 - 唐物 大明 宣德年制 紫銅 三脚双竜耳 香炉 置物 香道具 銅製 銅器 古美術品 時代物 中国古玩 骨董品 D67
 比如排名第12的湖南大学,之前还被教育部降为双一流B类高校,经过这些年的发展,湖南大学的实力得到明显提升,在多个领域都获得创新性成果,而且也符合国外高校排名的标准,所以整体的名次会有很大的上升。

.....

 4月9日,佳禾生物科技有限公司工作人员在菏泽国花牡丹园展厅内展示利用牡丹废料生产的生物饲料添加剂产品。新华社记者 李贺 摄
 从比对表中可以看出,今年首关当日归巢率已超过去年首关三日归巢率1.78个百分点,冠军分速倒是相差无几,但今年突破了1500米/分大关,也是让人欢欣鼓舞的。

.....

Required action: When you reach the line holding "4月9日,佳禾生物科技有限公司工作人员在菏泽国花牡丹园展厅内展示利用牡丹废料生产的生物饲料添加剂产品。新华社记者 李贺 摄" in the records above, begin reproducing exactly, stop after the line holding "从比对表中可以看出,今年首关", and output nothing else.

Task response:
 4月9日,佳禾生物科技有限公司工作人员在菏泽国花牡丹园展厅内展示利用牡丹废料生产的生物饲料添加剂产品。新华社记者 李贺 摄
 从比对表中可以看出,今年首关当日归巢率已超过去年首关三日归巢率1.78个百分点,冠军分速倒是相差无几,但今年突破了1500米/分大关,也是让人欢欣鼓舞的。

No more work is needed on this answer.